A major thrust of Dr. Maynard S Dewey’s research is focused on precise measurements of decay parameters in neutron beta decay in order to probe the Standard Model (e.g. the neutron lifetime and the correlation between the outgoing electron and electron-antineutrino momenta). This includes precise measurements of thermal and cold neutron fluences in order to reduce the uncertainty in beam-type measurements of the neutron lifetime, to measure important neutron capture cross sections (e.g. boron and lithium), and to re-calibrate the national neutron source NBS-1 which underpins our neutron source and detector calibration services. A second thrust is precise measurements of neutron source intensities using the manganese bath method in order to reduce the uncertainty of neutron source calibrations for industry and government.
Dr. Dewey has been a member of the Neutron Physics group since 1990, after working in precise gamma-ray spectroscopy in the Quantum Metrology Group/Division for his first three years at NIST. Before coming to NIST in late 1987, he was a postdoctoral fellow at Princeton University where he continued his Ph.D. thesis work on a precise measurement of the Lamb shift in hydrogen-like 4He.
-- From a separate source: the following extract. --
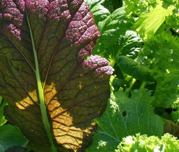 Though my tomatoes have been an uphill battle, my mustards are doing quite nicely: I took that picture a little…

He received his Ph.D. in Physics from Princeton University in 1984 with a thesis in atomic physics under Prof. Robert Dunford entitled “A Precise Measurement of the 2S-2P Lamb Shift in Hydrogen-like Helium” and his B.S. in Physics from the State University of New York at Stony Brook in 1978.
Dr. Dewey was awarded a NIST Bronze Medal in 2020; he was elected to Fellowship in the American Physical Society in 2017 through the Topical Group on Precision Measurements and Fundamental Constants; and he is an author on about 60 peer-reviewed publications.